Given information
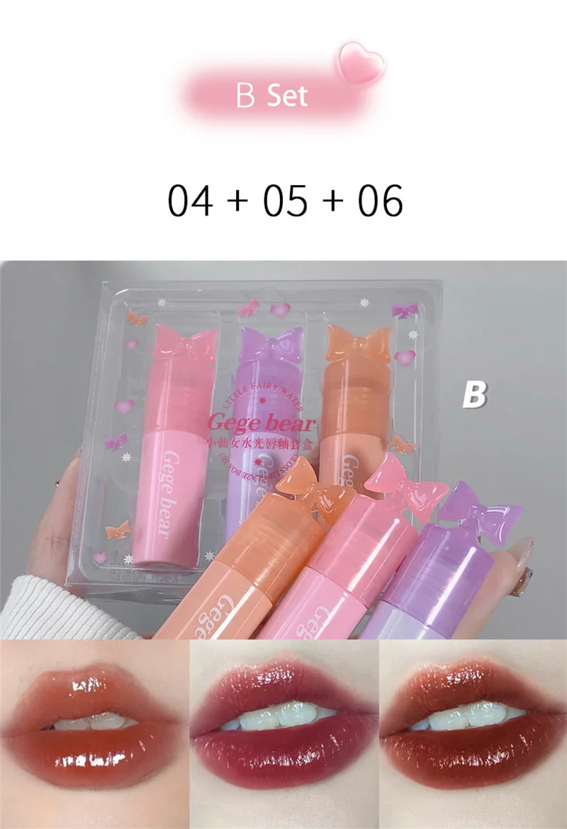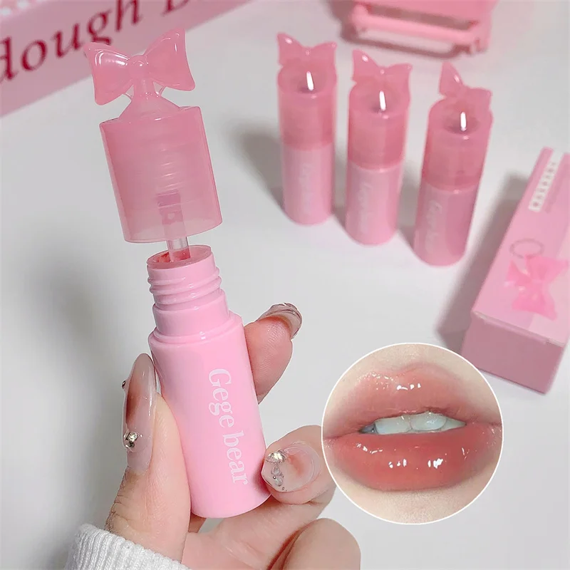 Waterproof Mirror Bow Tie Lip Gloss 6 Colors Sparkling Glitter Liquid Lipstick Shimmer Pearl Lip Gloss Jelly Lip Korean Make Up
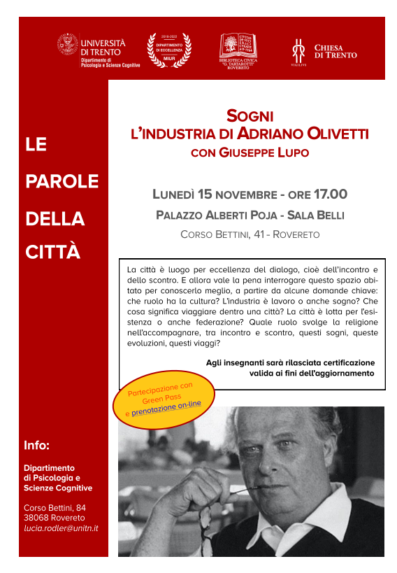 Il ciclo sulle “parole” promosso dal Dipartimento di Psicologia e Scienze cognitive dell’Università di Trento, dalla Biblioteca civica “G. Tartarotti” di Rovereto e dall’Arcidiocesi di Trento.
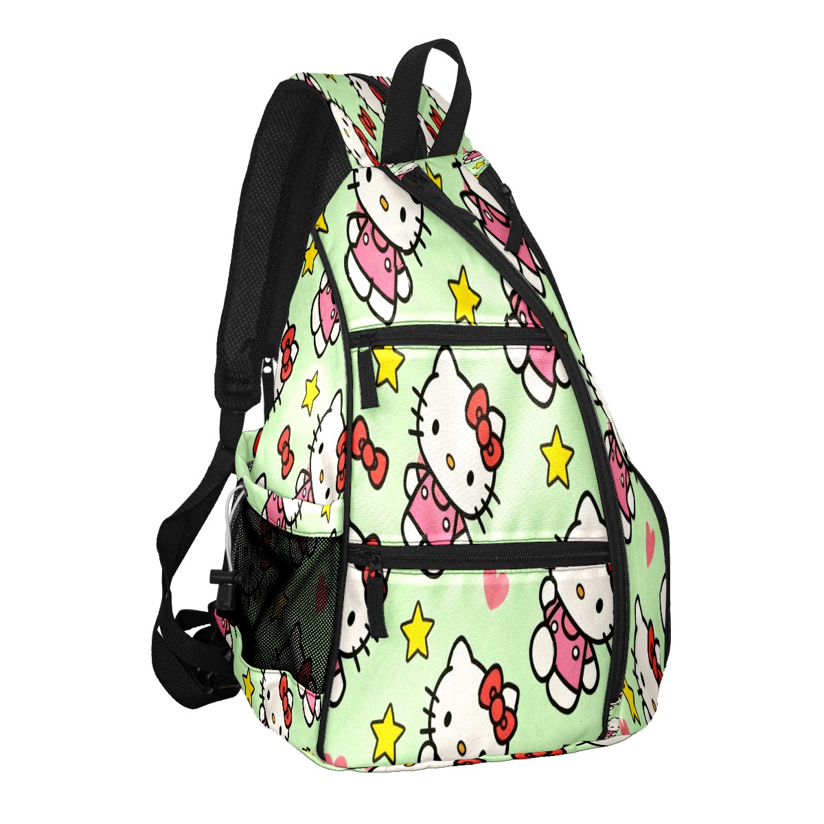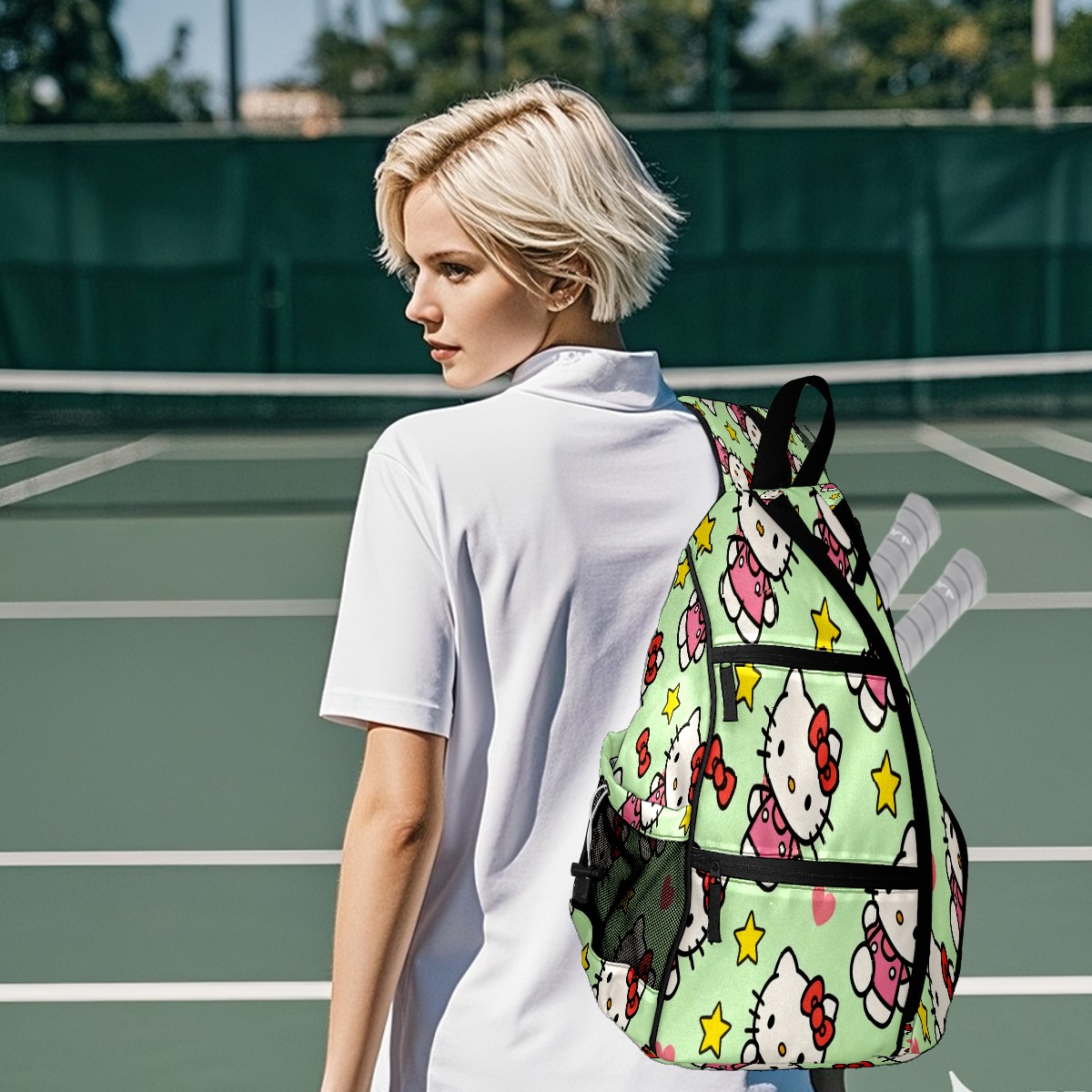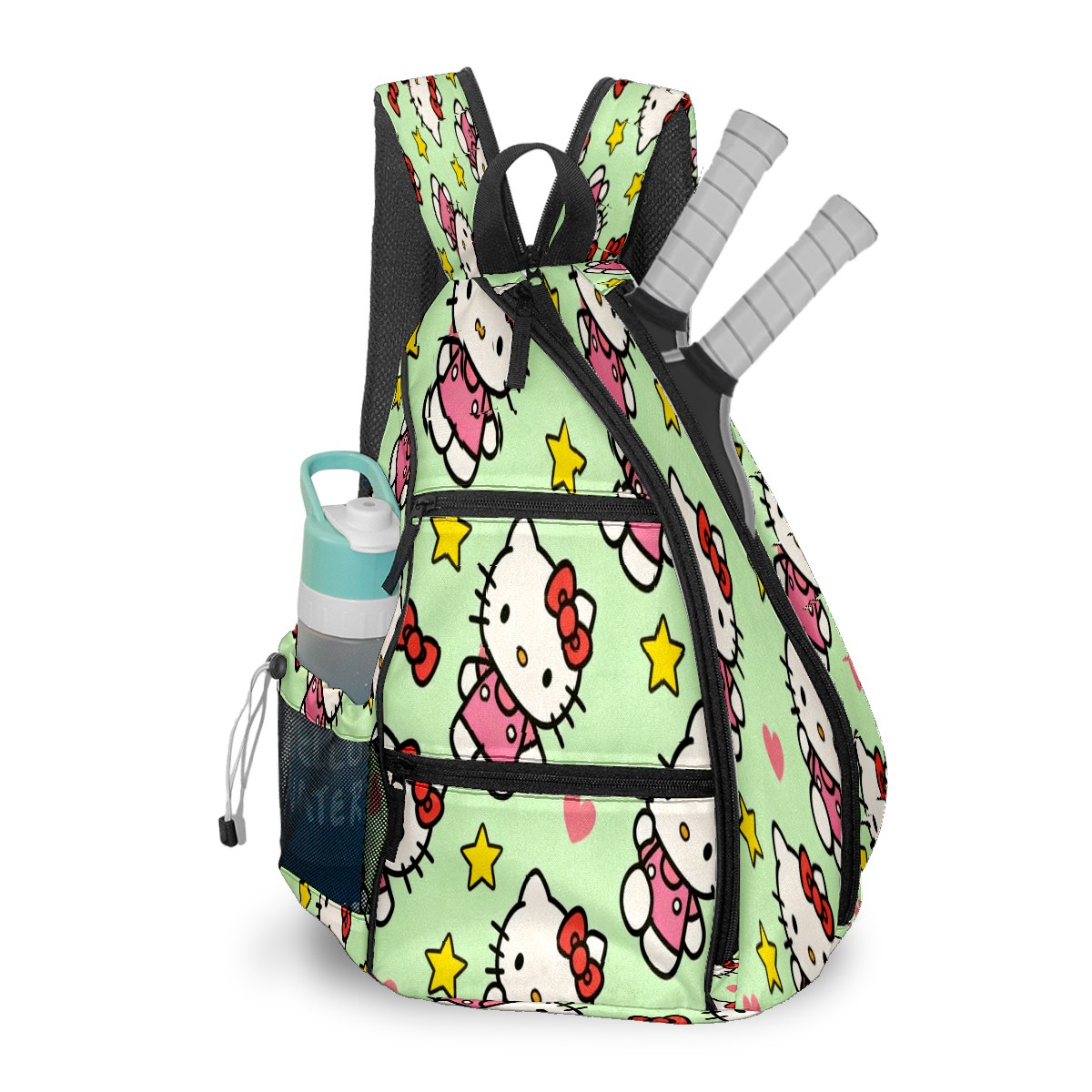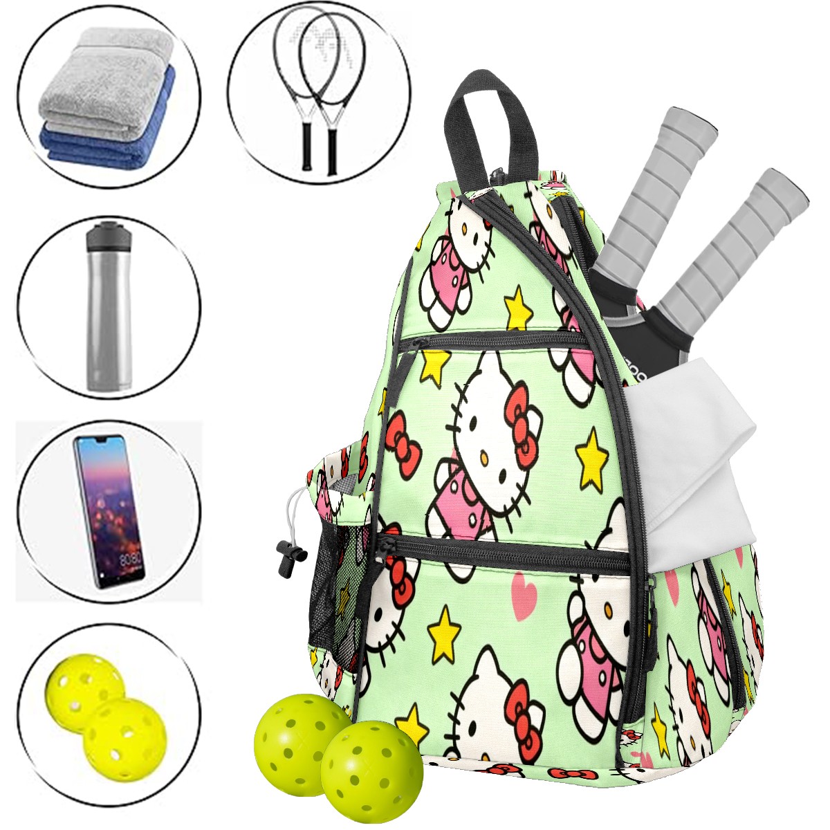 Multifunctional Pickleball Bag,Large Capacity Sports Pickleball Racket Bag, Water Bottle Holder and Fence Hook,Suitable for Both Men Women -Sweet Cat Green
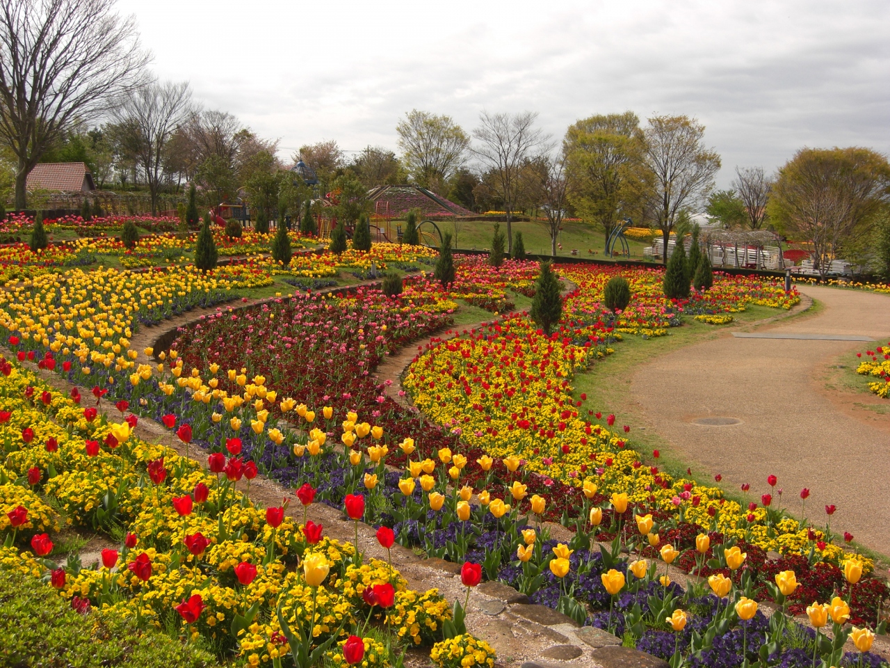 チューリップ祭りの最中だったので園内は色々な種類のチューリップが咲き乱れていました。隅々まで手入れがなされていて花や植物好きの両親はとても喜んでいました。園内にはハイジのグッズが売られていたり、セントバーナードのヨーゼフがいたり小さいお子さんも楽しめると思います。日本一のバラの回廊があったのでバラの時期はもっときれいなのではないでしょうか。- 旅行時期

Work order
Output the material word for word, and keep the pictures out.

Answer box
 Waterproof Mirror Bow Tie Lip Gloss 6 Colors Sparkling Glitter Liquid Lipstick Shimmer Pearl Lip Gloss Jelly Lip Korean Make Up
 Il ciclo sulle “parole” promosso dal Dipartimento di Psicologia e Scienze cognitive dell’Università di Trento, dalla Biblioteca civica “G. Tartarotti” di Rovereto e dall’Arcidiocesi di Trento.
 Multifunctional Pickleball Bag,Large Capacity Sports Pickleball Racket Bag, Water Bottle Holder and Fence Hook,Suitable for Both Men Women -Sweet Cat Green
 チューリップ祭りの最中だったので園内は色々な種類のチューリップが咲き乱れていました。隅々まで手入れがなされていて花や植物好きの両親はとても喜んでいました。園内にはハイジのグッズが売られていたり、セントバーナードのヨーゼフがいたり小さいお子さんも楽しめると思います。日本一のバラの回廊があったのでバラの時期はもっときれいなのではないでしょうか。- 旅行時期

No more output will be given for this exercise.